=== Raw data ===

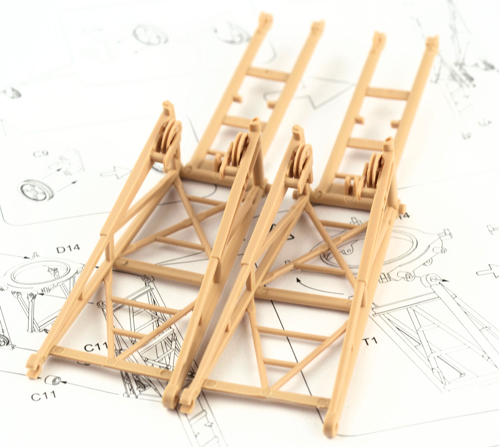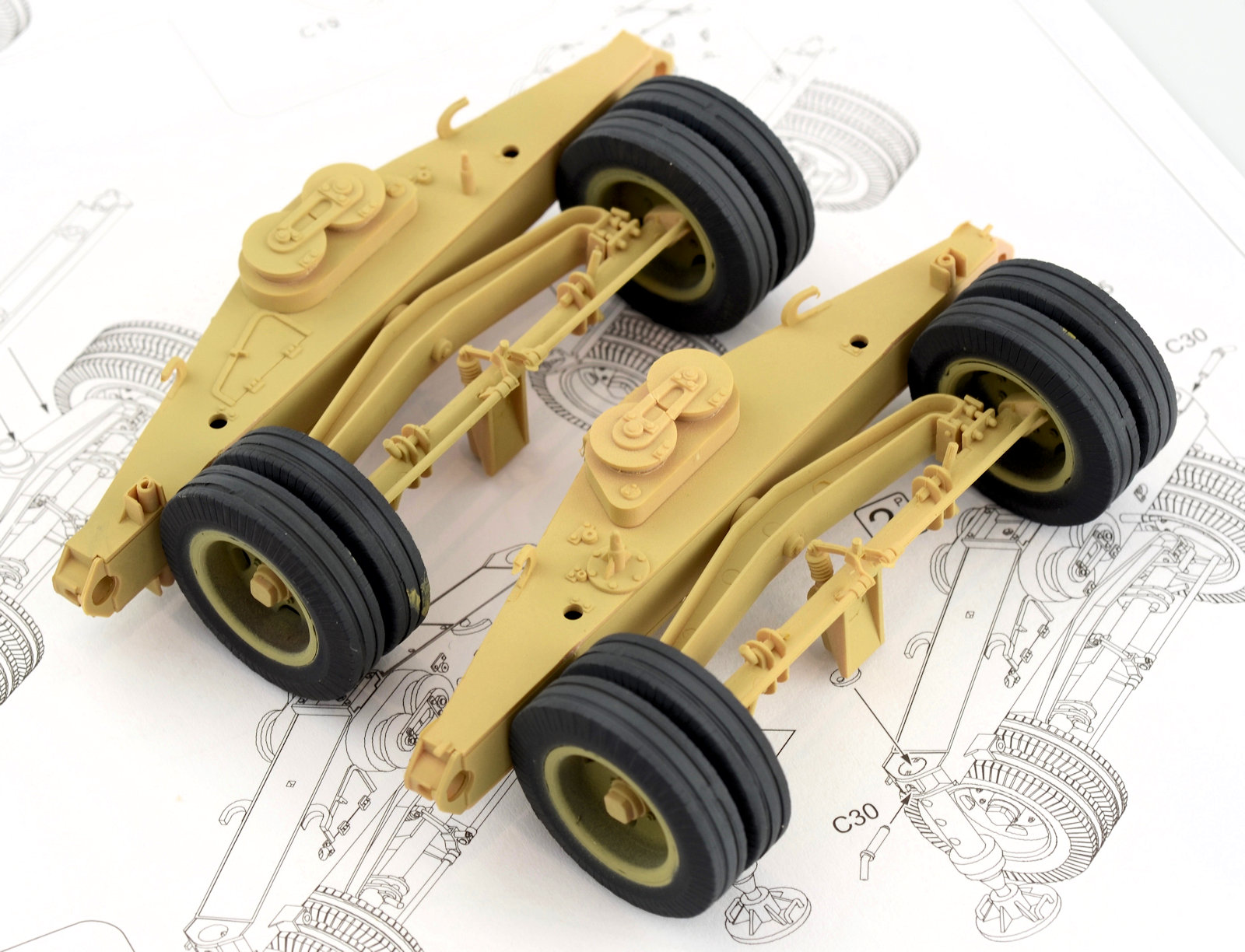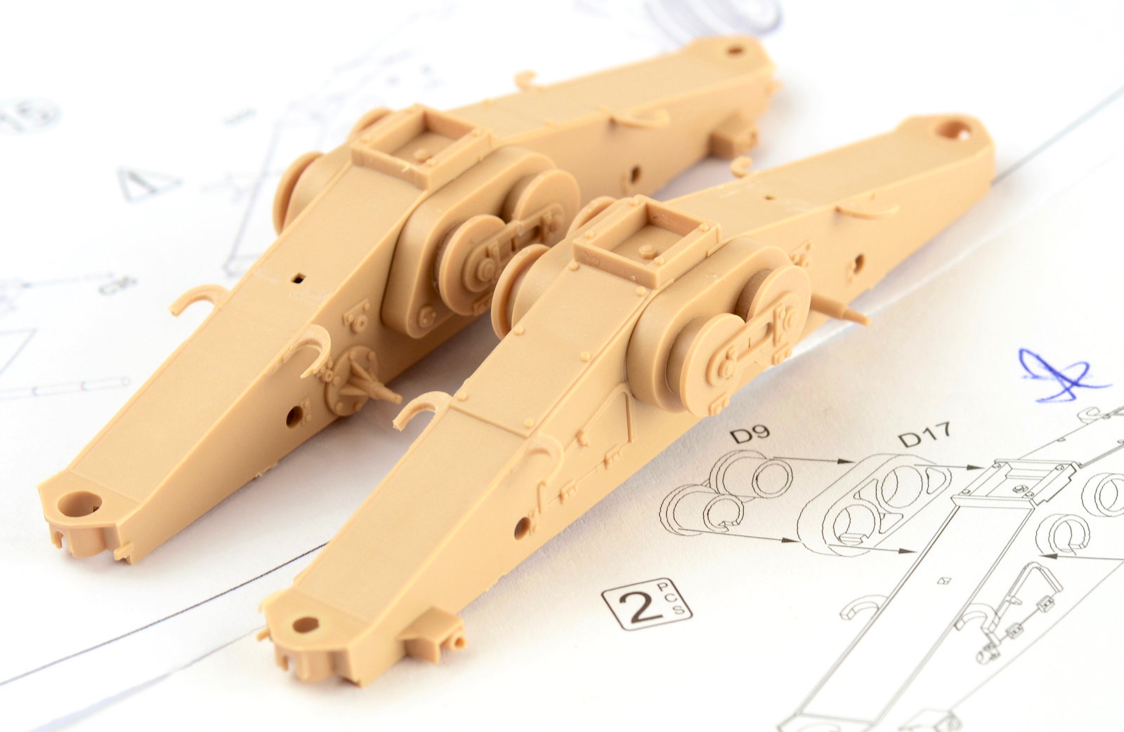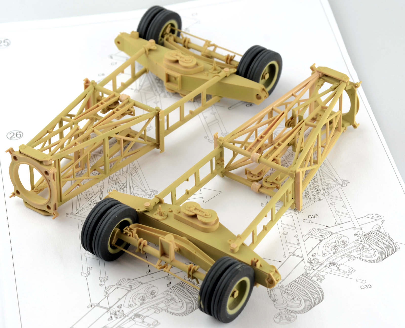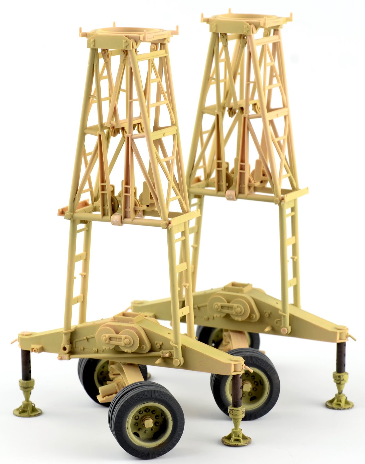 The wheels are now treated to a quick paint job. Firstly, I sprayed them in AK Real Color Rubber Black. The paint dries really fast, and soon after, with the aid of a spraying template, I set the Dunkelgelb in place in the rims. It is a little rough at this stage, but it was just to make the painting a little easier down the track. The wheels are now fitted to the axels and the axels are then attached to the support arms. Again, you may notice the ejector pin marks in the support for the axel. Recessed and very hard to clean up, so I just turned a blind eye to them. Technically the trolley shouldn¡¯t be able to be removed from the top structure, but by prying the piece apart I was able to remove the part in order to paint and weather it. It is a little messy, but I figured it would be a high wear part and would have looked pretty beaten up. The chipping was painted using a fine brush as well as employing the sponge technique.The two main pieces for the legs are now attached together. All feels very sturdy at this stage.
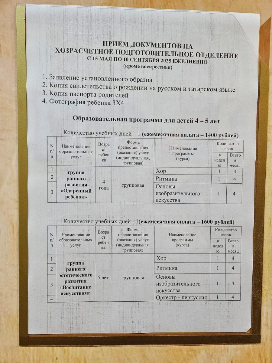 Детская школа искусств N15 продолжает набор детей 4-х, 5' ти лет на обучение по программе "Раннее эстетическое образование". Хор, ритмика с элементами танца, оркестр и основы живописи раскроют творческий потенциал вашего ребёнка. Детей обучают преподаватели с большим опытом. Обучение платное. Занимаемся по субботам. Первое занятие состоится 21 сентября. По всем вопросам звонить по телефону 2 68 00 57 20.09.2024
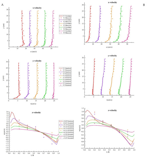 Section S1 (see Figure 1C) of curve I and section S2–S4 of straight II were selected for verification analysis. The locations of the sections are shown in Figure 1C. The positive direction of the 3D flow velocity simulation values was adjusted to be the same as the positive direction of the ADV test results. According to the simulated and measured results, the data of five lines in each cross-section were plotted in the same figure. When the longitudinal and transverse velocity was plotted, the X-axis was the flow rate, and the Y-axis was the height from the bottom of the flume. To make the figure beautiful and clear, the longitudinal velocity of vertical line V2~5 was increased by 10 units for drawing, and the transverse velocity of vertical line V1~5 was increased by 5 units for drawing. When the vertical velocity was plotted, the X-axis was L/B (L was the distance from the measuring point to the inner wall, and B was the trench width, taken as 30 cm), and the Y-axis was the velocity.
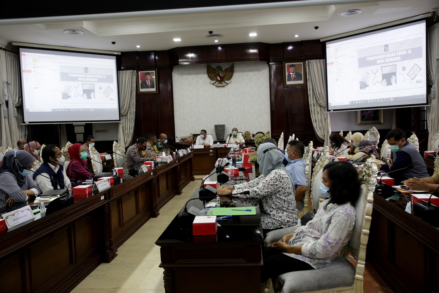 primaradio.id – Pemerintah Kota (Pemkot) Surabaya bersama instansi terkait menggelar rapat koordinasi di ruang rapat Wali Kota, Lobi Lantai II Balai Kota Surabaya, Selasa (29/12/2020). Rapat koordinasi ini terkait persiapan pengamanan jelang malam perayaan Tahun Baru dan pasca libur panjang. Ini dilakukan sebagai upaya mencegah terjadinya lonjakan kasus Covid-19 di Surabaya.

===

#### [Exercise]
Write the listing out in full, exactly; no images.

#### [Task solution]
 The wheels are now treated to a quick paint job. Firstly, I sprayed them in AK Real Color Rubber Black. The paint dries really fast, and soon after, with the aid of a spraying template, I set the Dunkelgelb in place in the rims. It is a little rough at this stage, but it was just to make the painting a little easier down the track. The wheels are now fitted to the axels and the axels are then attached to the support arms. Again, you may notice the ejector pin marks in the support for the axel. Recessed and very hard to clean up, so I just turned a blind eye to them. Technically the trolley shouldn¡¯t be able to be removed from the top structure, but by prying the piece apart I was able to remove the part in order to paint and weather it. It is a little messy, but I figured it would be a high wear part and would have looked pretty beaten up. The chipping was painted using a fine brush as well as employing the sponge technique.The two main pieces for the legs are now attached together. All feels very sturdy at this stage.
 Детская школа искусств N15 продолжает набор детей 4-х, 5' ти лет на обучение по программе "Раннее эстетическое образование". Хор, ритмика с элементами танца, оркестр и основы живописи раскроют творческий потенциал вашего ребёнка. Детей обучают преподаватели с большим опытом. Обучение платное. Занимаемся по субботам. Первое занятие состоится 21 сентября. По всем вопросам звонить по телефону 2 68 00 57 20.09.2024
 Section S1 (see Figure 1C) of curve I and section S2–S4 of straight II were selected for verification analysis. The locations of the sections are shown in Figure 1C. The positive direction of the 3D flow velocity simulation values was adjusted to be the same as the positive direction of the ADV test results. According to the simulated and measured results, the data of five lines in each cross-section were plotted in the same figure. When the longitudinal and transverse velocity was plotted, the X-axis was the flow rate, and the Y-axis was the height from the bottom of the flume. To make the figure beautiful and clear, the longitudinal velocity of vertical line V2~5 was increased by 10 units for drawing, and the transverse velocity of vertical line V1~5 was increased by 5 units for drawing. When the vertical velocity was plotted, the X-axis was L/B (L was the distance from the measuring point to the inner wall, and B was the trench width, taken as 30 cm), and the Y-axis was the velocity.
 primaradio.id – Pemerintah Kota (Pemkot) Surabaya bersama instansi terkait menggelar rapat koordinasi di ruang rapat Wali Kota, Lobi Lantai II Balai Kota Surabaya, Selasa (29/12/2020). Rapat koordinasi ini terkait persiapan pengamanan jelang malam perayaan Tahun Baru dan pasca libur panjang. Ini dilakukan sebagai upaya mencegah terjadinya lonjakan kasus Covid-19 di Surabaya.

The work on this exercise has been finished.